For Developers: View all appendices (and source)
So you’re opening up government data and making it easier to find and use – to inspire new ideas, spur economic growth, and ultimately make your agency more effective in achieving its mission. But you realize that your agency can’t just supply data – it’s also about getting and acting upon feedback, and catalyzing use of the data from a wide variety of stakeholders.
In addition to comprehensive Enterprise Data Inventories and comprehensive metadata, there are many ways you can make your open data more discoverable and engage in a democratic diagloue online.
Include any relevant data in your Agency Press Releases as open data hyperlinked to Data.gov.
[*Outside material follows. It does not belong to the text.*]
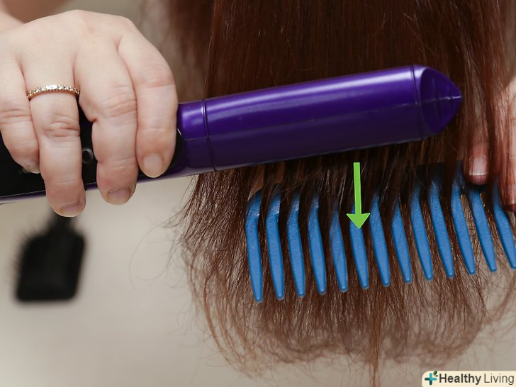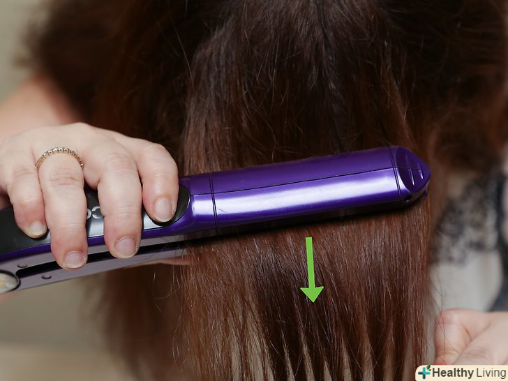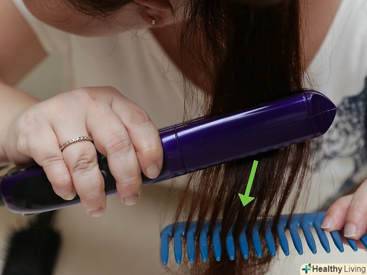 Випряміть волосся на маківці. як тільки ви випрямили верхні пасма, розташуйте праску якомога ближче до коріння і проведіть по волоссю. Це додасть фінальної гладкості. [22]

Goal: To communicate open by default is the new standard for government data and to engage with the community as soon as possible on timely relevant data that affects your agency mission.
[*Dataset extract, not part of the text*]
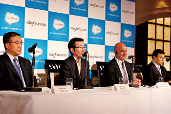新体制の発表にあわせて来日した米セールスフォース・ドットコムのキース・ブロック社長兼副会長は、新しい経営陣を紹介し、加えて「日本法人を売上高10億ドル(約1000億円)にして、従業員数を2000人以上に増やす」との成長目標を発表した。

A community event is a great way to hear ideas and feedback from passionate people, offer your expertise to people with thoughtful questions and evangelize your data assets. This document gives an overview of the main types of open data community events the U.S. Government holds.
A closed-press, day-long ideation event with developers, designers, and subject matter experts focused on one topic and top related open data sets. Several are held in succession, leading up to a datapalooza three months later. Ex: Health Data jam (HHS), 21st Century Jobs Jam (OVP, Commerce, OSTP), Mitigating Campus Sexual Assault (Department of Education, Department of Justice)
Goal: To connect tech and policy communities and get commitments to make things with open data, in support of agency mission and priorities.
An open press celebration, demo day, and platform to announce government open data releases or improvements. Ex: Safety Datapalooza (DOT, CPSC, FDA.)
Goal: To celebrate open data tools, companies and commitments and build momentum for projects.
An event where developers, designers, and strategists work in teams to solve problems with software and/or hardware and demo the resulting work at the end of the day. Ex: White House “We The People” API Hackathon, The American Art API Hackathon
Goal: To build relationships with the tech community and to see immediate tools and prototypes.
Federal agency staff dedicated to implementing the Open Data Policy requirements as reported to the Office of Management and Budget. See this list of Agency Points of Contact.
Federal agency Chief Data Officers. The Chief Data Officer’s role is part data strategist and adviser, part steward for improving data quality, part evangelist for data sharing, part technologist, and part developer of new data products. See this growing list of federal Chief Data Officers.
Goal: To engage sister agencies in open data community events.
Federal agency staff dedicated to handling Freedom of Information Act (FOIA) requests from industry and media. The Office of Government Information Services (OGIS) at the National Archives and FOIA staff at agencies.
Goal: To monitor and measure the incoming demand for data and proactively release data in response to that signal.
A Federal Government working group open to all federal employees interested in open data. Join the Interagency Open Data Working Group
Goal: To discuss solutions to common pain points and share best practices and case studies across Federal agencies.
A website, social networking group and/or listserv where people who use open data congregate to offer feedback, tips, new uses or reuses, data requests or case studies. Ex: Listservs for NICAR, Code for America Brigade, Sunlight Labs, the Open Government Facebook and Google+ groups.
Goal: To build and sustain ongoing relationships with media, nonprofits, good government advocates and civic technologists.